■ Exercise requirements: Wherever the string "Blue" appears in the entries below, return the line that holds it.

* * * * *

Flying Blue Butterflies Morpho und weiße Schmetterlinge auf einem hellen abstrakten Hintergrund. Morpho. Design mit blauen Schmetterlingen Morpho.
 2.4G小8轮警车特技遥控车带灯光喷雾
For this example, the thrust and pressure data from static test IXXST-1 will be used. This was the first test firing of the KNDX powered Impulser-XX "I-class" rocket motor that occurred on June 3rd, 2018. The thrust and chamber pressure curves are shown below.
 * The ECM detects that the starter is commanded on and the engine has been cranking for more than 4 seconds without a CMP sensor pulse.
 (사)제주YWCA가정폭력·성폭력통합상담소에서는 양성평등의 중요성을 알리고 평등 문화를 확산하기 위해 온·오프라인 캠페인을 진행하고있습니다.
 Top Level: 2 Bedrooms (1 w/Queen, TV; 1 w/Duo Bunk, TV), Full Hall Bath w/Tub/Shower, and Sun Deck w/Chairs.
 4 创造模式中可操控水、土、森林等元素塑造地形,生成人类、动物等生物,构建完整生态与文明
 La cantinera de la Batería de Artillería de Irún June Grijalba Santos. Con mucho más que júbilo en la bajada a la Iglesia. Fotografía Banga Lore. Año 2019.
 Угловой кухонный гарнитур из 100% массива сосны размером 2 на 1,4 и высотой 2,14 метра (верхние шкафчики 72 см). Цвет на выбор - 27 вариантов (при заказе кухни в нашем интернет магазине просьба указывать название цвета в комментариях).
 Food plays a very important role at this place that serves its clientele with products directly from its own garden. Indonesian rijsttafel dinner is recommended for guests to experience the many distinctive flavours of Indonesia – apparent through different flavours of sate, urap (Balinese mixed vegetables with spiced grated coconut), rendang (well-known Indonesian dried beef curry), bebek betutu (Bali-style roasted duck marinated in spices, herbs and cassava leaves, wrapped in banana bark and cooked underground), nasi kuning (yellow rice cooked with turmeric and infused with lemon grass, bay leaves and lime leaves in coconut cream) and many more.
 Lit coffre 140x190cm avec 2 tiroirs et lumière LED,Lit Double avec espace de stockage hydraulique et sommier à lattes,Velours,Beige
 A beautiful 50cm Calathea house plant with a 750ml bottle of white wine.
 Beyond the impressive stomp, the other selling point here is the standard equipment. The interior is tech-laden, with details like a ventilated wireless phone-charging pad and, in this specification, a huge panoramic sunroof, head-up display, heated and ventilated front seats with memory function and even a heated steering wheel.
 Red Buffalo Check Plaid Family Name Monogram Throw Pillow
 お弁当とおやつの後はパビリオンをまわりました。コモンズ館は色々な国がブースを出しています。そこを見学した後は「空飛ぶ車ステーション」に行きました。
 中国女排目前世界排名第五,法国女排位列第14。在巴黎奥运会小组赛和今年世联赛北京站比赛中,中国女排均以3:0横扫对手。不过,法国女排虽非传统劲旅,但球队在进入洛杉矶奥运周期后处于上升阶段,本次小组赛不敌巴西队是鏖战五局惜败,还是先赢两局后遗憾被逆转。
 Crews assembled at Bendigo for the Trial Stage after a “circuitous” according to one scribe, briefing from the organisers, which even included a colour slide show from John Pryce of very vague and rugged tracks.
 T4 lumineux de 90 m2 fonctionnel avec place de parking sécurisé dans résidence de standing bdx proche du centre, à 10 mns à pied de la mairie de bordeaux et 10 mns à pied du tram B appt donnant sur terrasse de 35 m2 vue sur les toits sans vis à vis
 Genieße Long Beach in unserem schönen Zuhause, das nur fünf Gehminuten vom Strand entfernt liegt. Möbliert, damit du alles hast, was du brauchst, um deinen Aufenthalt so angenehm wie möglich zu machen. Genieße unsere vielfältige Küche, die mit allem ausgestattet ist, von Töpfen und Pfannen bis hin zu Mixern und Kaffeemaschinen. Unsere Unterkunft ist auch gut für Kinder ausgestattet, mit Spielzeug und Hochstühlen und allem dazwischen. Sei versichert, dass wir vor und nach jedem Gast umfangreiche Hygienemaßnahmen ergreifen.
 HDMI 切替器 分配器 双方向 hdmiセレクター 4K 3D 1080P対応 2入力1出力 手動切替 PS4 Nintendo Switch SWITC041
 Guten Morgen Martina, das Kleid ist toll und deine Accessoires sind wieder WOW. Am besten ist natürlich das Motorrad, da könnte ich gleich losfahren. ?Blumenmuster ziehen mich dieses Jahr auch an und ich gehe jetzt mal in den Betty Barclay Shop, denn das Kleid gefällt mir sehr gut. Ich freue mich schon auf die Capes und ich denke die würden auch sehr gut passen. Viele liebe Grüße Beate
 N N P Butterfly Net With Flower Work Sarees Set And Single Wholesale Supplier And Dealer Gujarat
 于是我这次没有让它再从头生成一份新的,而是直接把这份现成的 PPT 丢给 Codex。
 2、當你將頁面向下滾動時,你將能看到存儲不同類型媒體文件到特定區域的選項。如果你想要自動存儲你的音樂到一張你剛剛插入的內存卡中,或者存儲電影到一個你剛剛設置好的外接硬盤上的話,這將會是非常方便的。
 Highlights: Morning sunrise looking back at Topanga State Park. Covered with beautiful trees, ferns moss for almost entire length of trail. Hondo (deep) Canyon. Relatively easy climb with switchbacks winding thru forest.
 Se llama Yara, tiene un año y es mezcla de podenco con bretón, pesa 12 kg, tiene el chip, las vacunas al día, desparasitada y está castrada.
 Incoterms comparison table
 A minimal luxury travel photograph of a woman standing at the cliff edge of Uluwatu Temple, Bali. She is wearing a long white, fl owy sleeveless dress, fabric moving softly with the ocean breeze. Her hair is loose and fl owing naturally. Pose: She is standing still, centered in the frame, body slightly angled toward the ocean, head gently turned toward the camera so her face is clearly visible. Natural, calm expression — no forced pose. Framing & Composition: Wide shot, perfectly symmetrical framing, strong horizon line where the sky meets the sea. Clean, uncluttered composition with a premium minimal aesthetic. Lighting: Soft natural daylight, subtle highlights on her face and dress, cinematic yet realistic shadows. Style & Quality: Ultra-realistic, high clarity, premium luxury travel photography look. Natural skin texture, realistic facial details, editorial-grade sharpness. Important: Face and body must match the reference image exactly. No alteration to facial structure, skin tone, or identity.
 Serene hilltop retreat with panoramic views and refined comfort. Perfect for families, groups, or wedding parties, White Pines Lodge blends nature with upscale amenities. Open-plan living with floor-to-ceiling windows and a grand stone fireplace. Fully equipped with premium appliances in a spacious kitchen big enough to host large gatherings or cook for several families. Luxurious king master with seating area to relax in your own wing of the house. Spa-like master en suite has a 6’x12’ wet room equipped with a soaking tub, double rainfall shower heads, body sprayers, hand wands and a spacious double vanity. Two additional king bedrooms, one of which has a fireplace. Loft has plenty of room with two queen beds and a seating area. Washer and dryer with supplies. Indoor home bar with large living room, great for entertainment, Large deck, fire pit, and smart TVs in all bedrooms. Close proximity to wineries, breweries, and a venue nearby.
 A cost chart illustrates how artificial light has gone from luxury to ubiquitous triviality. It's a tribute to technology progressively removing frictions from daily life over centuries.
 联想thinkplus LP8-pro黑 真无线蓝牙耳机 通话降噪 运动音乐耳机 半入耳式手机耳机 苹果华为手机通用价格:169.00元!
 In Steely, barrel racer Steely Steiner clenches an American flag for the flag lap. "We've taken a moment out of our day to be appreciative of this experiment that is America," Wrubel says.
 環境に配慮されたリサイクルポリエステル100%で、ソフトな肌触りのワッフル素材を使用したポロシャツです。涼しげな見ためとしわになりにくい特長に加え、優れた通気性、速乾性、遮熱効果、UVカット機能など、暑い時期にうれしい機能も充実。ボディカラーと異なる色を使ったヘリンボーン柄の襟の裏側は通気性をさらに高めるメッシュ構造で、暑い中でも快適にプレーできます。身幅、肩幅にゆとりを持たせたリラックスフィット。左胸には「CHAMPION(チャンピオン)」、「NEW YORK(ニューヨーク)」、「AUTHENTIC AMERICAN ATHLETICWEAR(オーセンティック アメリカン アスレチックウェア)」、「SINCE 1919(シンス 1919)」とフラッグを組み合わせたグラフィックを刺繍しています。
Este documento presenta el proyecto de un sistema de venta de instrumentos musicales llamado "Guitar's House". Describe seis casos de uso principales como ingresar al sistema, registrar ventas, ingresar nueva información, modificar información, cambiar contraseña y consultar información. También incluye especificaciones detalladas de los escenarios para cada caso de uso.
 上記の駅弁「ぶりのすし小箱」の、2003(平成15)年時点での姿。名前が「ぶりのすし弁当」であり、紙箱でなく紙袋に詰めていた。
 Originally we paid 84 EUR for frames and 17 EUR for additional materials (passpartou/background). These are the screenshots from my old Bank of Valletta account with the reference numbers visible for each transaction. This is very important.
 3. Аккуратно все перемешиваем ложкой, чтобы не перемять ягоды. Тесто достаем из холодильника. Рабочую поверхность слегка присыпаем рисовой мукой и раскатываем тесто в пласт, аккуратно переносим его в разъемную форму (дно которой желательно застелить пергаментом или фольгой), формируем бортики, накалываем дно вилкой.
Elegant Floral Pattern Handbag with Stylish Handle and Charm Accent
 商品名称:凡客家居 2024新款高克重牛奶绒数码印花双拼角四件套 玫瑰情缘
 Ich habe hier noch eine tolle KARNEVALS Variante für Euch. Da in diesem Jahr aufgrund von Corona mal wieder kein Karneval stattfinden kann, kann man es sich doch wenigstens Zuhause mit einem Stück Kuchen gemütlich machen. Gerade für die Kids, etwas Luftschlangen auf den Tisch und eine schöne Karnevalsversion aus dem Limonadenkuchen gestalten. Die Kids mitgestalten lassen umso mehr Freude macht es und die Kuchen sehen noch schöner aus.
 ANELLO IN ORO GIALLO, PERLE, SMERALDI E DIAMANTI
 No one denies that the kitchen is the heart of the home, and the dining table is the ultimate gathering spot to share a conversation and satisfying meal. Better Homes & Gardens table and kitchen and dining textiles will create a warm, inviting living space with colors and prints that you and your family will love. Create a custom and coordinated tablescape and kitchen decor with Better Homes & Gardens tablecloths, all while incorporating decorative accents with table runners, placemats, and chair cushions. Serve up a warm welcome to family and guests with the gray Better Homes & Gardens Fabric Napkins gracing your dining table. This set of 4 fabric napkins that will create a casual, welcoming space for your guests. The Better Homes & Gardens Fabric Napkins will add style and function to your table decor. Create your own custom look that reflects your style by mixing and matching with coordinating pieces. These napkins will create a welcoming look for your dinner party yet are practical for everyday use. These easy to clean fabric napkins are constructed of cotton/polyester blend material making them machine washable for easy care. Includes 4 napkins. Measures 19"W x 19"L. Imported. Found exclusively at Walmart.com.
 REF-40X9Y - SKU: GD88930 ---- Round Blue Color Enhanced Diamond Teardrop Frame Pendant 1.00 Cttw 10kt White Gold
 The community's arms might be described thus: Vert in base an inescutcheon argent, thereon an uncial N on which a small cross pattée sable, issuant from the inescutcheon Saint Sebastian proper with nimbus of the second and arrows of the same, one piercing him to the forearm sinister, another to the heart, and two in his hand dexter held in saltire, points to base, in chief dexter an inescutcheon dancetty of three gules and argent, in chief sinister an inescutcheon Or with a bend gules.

* * * * *

■ Task response:
Flying Blue Butterflies Morpho und weiße Schmetterlinge auf einem hellen abstrakten Hintergrund. Morpho. Design mit blauen Schmetterlingen Morpho.
 REF-40X9Y - SKU: GD88930 ---- Round Blue Color Enhanced Diamond Teardrop Frame Pendant 1.00 Cttw 10kt White Gold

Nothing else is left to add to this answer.